There is no logging at all at the moment. Can you please use structlog to record at least start/end of the main function and key params? Logging relevant details in the event of error would also be useful.

Testing

safety: I think each function that can produce SQL statements should have a test with a bad/malicious expression testing that the result is properly escaped sql.sql. I find it hard to be confident we are doing the right thing without that.

observation, no action required: A fuller integration test seems tricky, not sure if we would create a new database just in that one test, or do a a lot of database and file access patching still. Just testing _create_safe_schema_and_copy with one database row and short allowlist as you have done seems like a reasonable compromise.

optional: It would be good to have at least one test of the main execute function, with some appropriate level of patching/mocking. That code is currently untested, I think. Not essential though, manual testing can compensate, and I suppose any future development would want to do manual testing also.

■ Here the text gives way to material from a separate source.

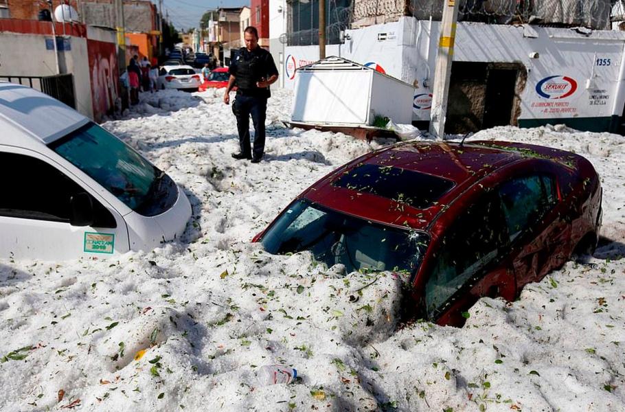 V oblasti západomexické Guadalajary panovala o víkendu třicetistupňová vedra, když se přihnala bouře a část druhého největšího města Mexika během chvilky doslova zmrazila. Do ulic pětimilionové aglomerace proto musela vyjet odklízecí technika.
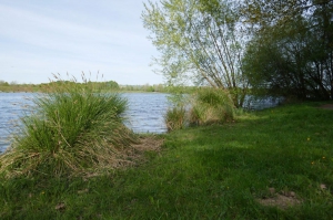 Observatoire pour regarder discrètement les oiseaux d’eau (foulques, grèbes, etc.). Continuer la piste vers le nord au milieu d’une forêt de pins.

mikerkelly · 2026-01-16T13:19:00Z

docker/justfile

-    docker compose run -v "$path:/tmp/jobserver.dump" --entrypoint bash --rm dev -c "pg_restore --clean --if-exists --no-acl --no-owner -d \$DATABASE_URL /tmp/jobserver.dump"
+    docker compose run -v "$path:/tmp/jobserver.dump" --entrypoint bash --rm dev -c '
+        set -eux
+        pg_restore --clean --if-exists --no-acl --no-owner -d "$DATABASE_URL" /tmp/jobserver.dump


minor, documentation: Could use a comment here explaining that if restoring the sanitised dump we need to alter the scratch schema name to public, and a reference to the overview documentation.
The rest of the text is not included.